■ Work order:
A verbatim transcript of the data that follows, free of images, is the expected result.

──────── Data for the task

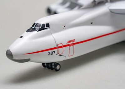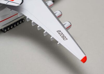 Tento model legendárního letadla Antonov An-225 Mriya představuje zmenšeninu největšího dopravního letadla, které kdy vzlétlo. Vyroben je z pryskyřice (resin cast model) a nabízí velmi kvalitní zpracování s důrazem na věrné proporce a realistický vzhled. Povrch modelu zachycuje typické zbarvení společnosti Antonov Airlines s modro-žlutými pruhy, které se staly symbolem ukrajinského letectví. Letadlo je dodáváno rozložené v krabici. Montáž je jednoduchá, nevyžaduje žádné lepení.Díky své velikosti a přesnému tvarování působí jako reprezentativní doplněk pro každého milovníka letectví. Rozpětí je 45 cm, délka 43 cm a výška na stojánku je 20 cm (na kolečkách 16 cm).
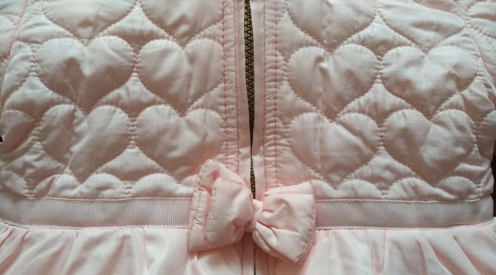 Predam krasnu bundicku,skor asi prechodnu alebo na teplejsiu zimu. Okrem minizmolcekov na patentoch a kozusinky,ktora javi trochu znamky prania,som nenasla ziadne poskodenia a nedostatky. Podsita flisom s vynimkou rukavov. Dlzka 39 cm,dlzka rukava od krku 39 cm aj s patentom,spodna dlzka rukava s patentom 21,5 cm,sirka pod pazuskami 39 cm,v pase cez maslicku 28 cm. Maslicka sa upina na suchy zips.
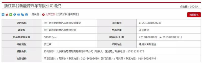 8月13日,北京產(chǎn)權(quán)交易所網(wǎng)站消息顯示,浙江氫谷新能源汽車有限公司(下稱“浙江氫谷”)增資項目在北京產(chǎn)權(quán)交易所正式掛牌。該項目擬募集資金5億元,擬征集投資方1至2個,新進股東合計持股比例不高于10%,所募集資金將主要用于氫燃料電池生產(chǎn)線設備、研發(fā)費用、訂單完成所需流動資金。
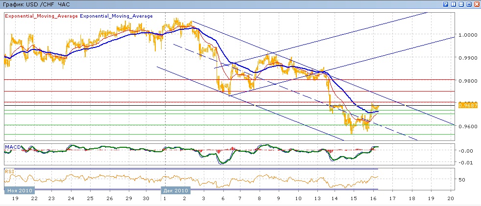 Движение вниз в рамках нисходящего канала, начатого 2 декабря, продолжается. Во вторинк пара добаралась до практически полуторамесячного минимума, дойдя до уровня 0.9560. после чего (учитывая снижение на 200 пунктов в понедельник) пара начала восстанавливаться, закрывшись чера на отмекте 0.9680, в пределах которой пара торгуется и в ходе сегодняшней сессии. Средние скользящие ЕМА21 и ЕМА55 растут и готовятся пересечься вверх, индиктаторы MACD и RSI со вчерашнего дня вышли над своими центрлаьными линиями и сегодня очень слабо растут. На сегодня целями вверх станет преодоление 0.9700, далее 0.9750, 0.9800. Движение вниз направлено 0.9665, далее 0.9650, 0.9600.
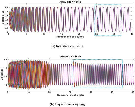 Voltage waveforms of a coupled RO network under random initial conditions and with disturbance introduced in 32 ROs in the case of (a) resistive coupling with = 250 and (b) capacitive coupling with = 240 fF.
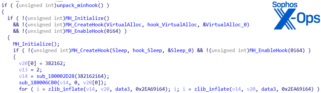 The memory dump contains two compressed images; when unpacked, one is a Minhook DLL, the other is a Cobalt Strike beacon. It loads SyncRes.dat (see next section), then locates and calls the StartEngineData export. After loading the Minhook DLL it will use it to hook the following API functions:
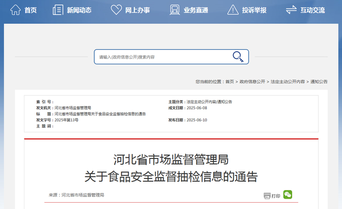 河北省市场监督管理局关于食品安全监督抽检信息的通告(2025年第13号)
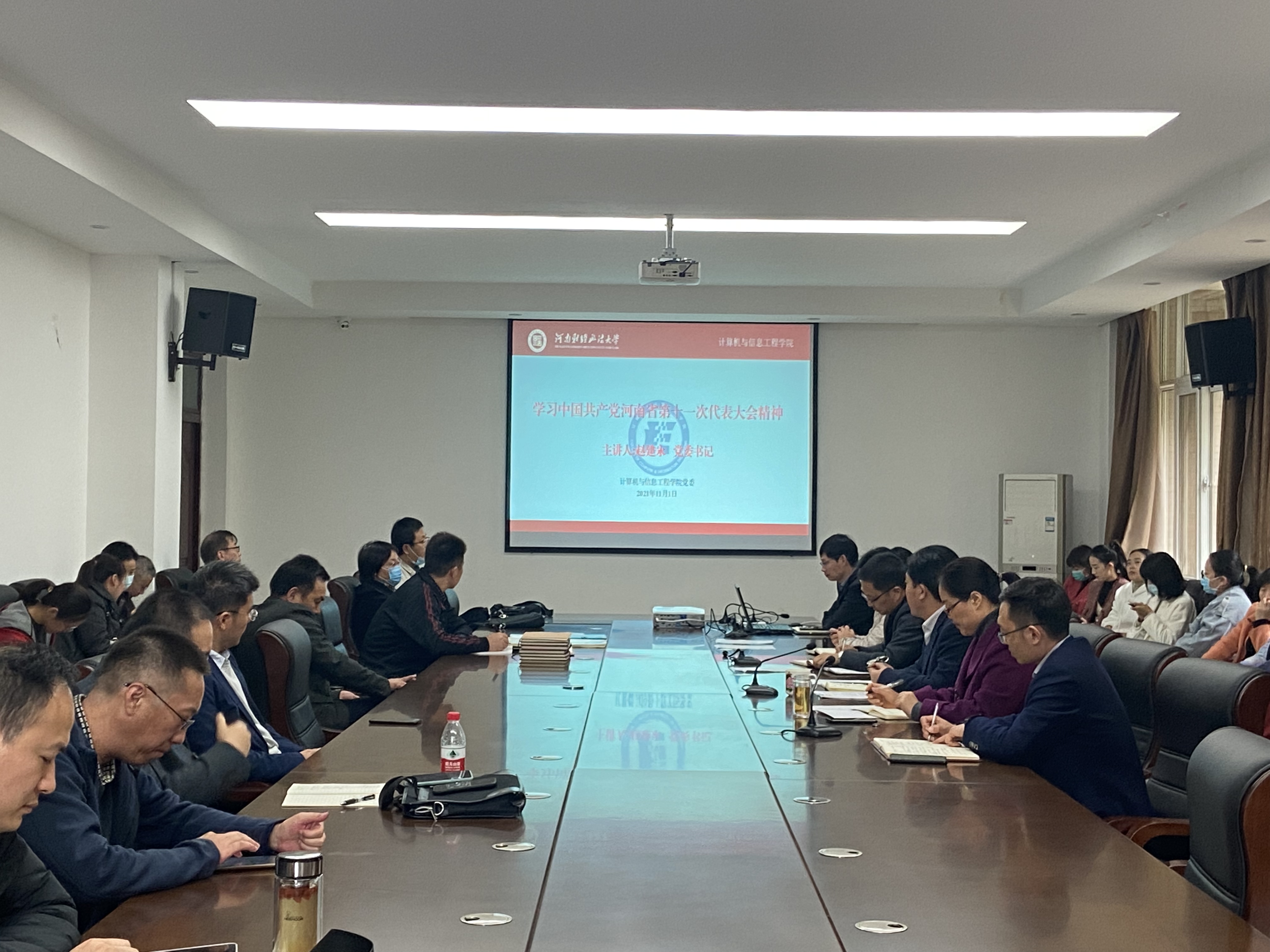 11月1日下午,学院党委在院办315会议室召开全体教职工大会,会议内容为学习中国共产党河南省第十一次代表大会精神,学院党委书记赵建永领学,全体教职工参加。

────────────────

■ Reply:
 Tento model legendárního letadla Antonov An-225 Mriya představuje zmenšeninu největšího dopravního letadla, které kdy vzlétlo. Vyroben je z pryskyřice (resin cast model) a nabízí velmi kvalitní zpracování s důrazem na věrné proporce a realistický vzhled. Povrch modelu zachycuje typické zbarvení společnosti Antonov Airlines s modro-žlutými pruhy, které se staly symbolem ukrajinského letectví. Letadlo je dodáváno rozložené v krabici. Montáž je jednoduchá, nevyžaduje žádné lepení.Díky své velikosti a přesnému tvarování působí jako reprezentativní doplněk pro každého milovníka letectví. Rozpětí je 45 cm, délka 43 cm a výška na stojánku je 20 cm (na kolečkách 16 cm).
 Predam krasnu bundicku,skor asi prechodnu alebo na teplejsiu zimu. Okrem minizmolcekov na patentoch a kozusinky,ktora javi trochu znamky prania,som nenasla ziadne poskodenia a nedostatky. Podsita flisom s vynimkou rukavov. Dlzka 39 cm,dlzka rukava od krku 39 cm aj s patentom,spodna dlzka rukava s patentom 21,5 cm,sirka pod pazuskami 39 cm,v pase cez maslicku 28 cm. Maslicka sa upina na suchy zips.
 8月13日,北京產(chǎn)權(quán)交易所網(wǎng)站消息顯示,浙江氫谷新能源汽車有限公司(下稱“浙江氫谷”)增資項目在北京產(chǎn)權(quán)交易所正式掛牌。該項目擬募集資金5億元,擬征集投資方1至2個,新進股東合計持股比例不高于10%,所募集資金將主要用于氫燃料電池生產(chǎn)線設備、研發(fā)費用、訂單完成所需流動資金。
 Движение вниз в рамках нисходящего канала, начатого 2 декабря, продолжается. Во вторинк пара добаралась до практически полуторамесячного минимума, дойдя до уровня 0.9560. после чего (учитывая снижение на 200 пунктов в понедельник) пара начала восстанавливаться, закрывшись чера на отмекте 0.9680, в пределах которой пара торгуется и в ходе сегодняшней сессии. Средние скользящие ЕМА21 и ЕМА55 растут и готовятся пересечься вверх, индиктаторы MACD и RSI со вчерашнего дня вышли над своими центрлаьными линиями и сегодня очень слабо растут. На сегодня целями вверх станет преодоление 0.9700, далее 0.9750, 0.9800. Движение вниз направлено 0.9665, далее 0.9650, 0.9600.
 Voltage waveforms of a coupled RO network under random initial conditions and with disturbance introduced in 32 ROs in the case of (a) resistive coupling with = 250 and (b) capacitive coupling with = 240 fF.
 The memory dump contains two compressed images; when unpacked, one is a Minhook DLL, the other is a Cobalt Strike beacon. It loads SyncRes.dat (see next section), then locates and calls the StartEngineData export. After loading the Minhook DLL it will use it to hook the following API functions:
 河北省市场监督管理局关于食品安全监督抽检信息的通告(2025年第13号)
 11月1日下午,学院党委在院办315会议室召开全体教职工大会,会议内容为学习中国共产党河南省第十一次代表大会精神,学院党委书记赵建永领学,全体教职工参加。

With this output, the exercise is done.